The moral equivalence between Portugal and the Taliban
Abu Salem committed his worst crimes in India, against Indians. Yet, a Portuguese court has shielded him from justice under Indian laws. Portugal’s Supreme Court has found it more appropriate to protect an international criminal over the assurances of the Indian government’s assurance that the death penalty will not be sought in case he is found guilty.
The verdict has further strengthened opportunities for international legal arbitrage by allows criminals to commit a crime in a certain jurisdiction and stand trial for it elsewhere. The obvious is to commit capital offense in one country and escape to a country where the death penalty is a crime.
Portugal’s verdict is both against the principles of justice as well as counter-productive to its own interests. Judging by outcomes alone, Portugal’s sheltering of Abu Salem is no different from the Taliban’s refusal to hand over Osama bin Laden.

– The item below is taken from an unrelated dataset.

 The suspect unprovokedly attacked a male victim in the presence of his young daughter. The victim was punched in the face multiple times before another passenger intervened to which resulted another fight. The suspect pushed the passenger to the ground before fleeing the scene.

If countries like Bangladesh or Malaysia were to behave similarly, the international community would have raised an outcry, blaming these countries of nurturing Islamic terrorism; but because Portugal is a European country, its actions are deemed superior due to its great concern for human rights. Spain and Belgium find it appropriate to ask for the extradition of former heads of state like General Pinochet of Chile to stand trial for crimes against humanity, but their European neighbour sees no need to dispatch a wanted terrorist and gangster to face trial in India, where not only has the government guaranteed immunity from the death sentence, but also where the new government has announced its determination to repeal tough anti-terror legislation.
India must take up the issue of extradition of suspects in right earnest.